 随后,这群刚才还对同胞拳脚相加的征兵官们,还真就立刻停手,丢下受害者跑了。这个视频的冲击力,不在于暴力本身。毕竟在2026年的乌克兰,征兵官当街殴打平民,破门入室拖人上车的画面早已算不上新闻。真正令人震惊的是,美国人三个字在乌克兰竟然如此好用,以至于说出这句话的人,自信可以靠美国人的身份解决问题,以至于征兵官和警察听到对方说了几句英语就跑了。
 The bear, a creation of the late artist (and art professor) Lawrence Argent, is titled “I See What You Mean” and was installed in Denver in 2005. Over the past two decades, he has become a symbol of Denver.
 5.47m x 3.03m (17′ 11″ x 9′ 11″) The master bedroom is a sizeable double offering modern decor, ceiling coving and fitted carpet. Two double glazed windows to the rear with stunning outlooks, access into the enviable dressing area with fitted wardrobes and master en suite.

========================================

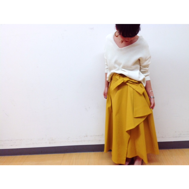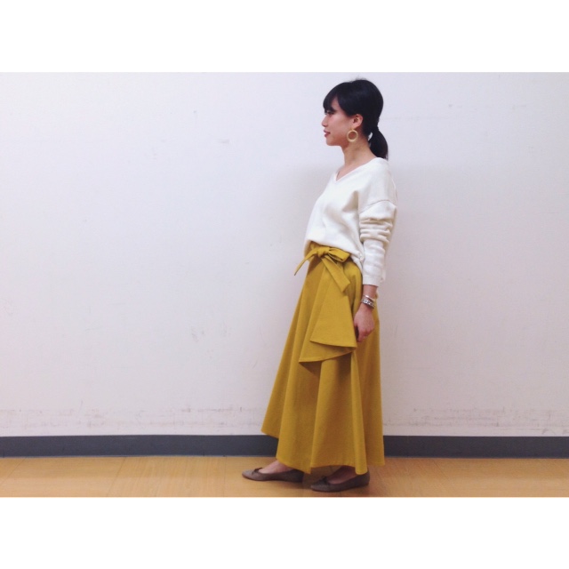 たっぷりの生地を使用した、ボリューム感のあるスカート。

========================================

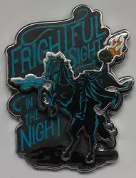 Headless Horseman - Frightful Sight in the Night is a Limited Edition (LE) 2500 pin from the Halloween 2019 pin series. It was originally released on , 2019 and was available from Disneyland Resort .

========================================

Task brief:
Give back exactly the lines above starting at the line where "随后,这群刚才还对同胞拳脚相" appears and ending at the line where "5.47m x 3.03m" appears, both included, with no other lines.

Expected answer:
 随后,这群刚才还对同胞拳脚相加的征兵官们,还真就立刻停手,丢下受害者跑了。这个视频的冲击力,不在于暴力本身。毕竟在2026年的乌克兰,征兵官当街殴打平民,破门入室拖人上车的画面早已算不上新闻。真正令人震惊的是,美国人三个字在乌克兰竟然如此好用,以至于说出这句话的人,自信可以靠美国人的身份解决问题,以至于征兵官和警察听到对方说了几句英语就跑了。
 The bear, a creation of the late artist (and art professor) Lawrence Argent, is titled “I See What You Mean” and was installed in Denver in 2005. Over the past two decades, he has become a symbol of Denver.
 5.47m x 3.03m (17′ 11″ x 9′ 11″) The master bedroom is a sizeable double offering modern decor, ceiling coving and fitted carpet. Two double glazed windows to the rear with stunning outlooks, access into the enviable dressing area with fitted wardrobes and master en suite.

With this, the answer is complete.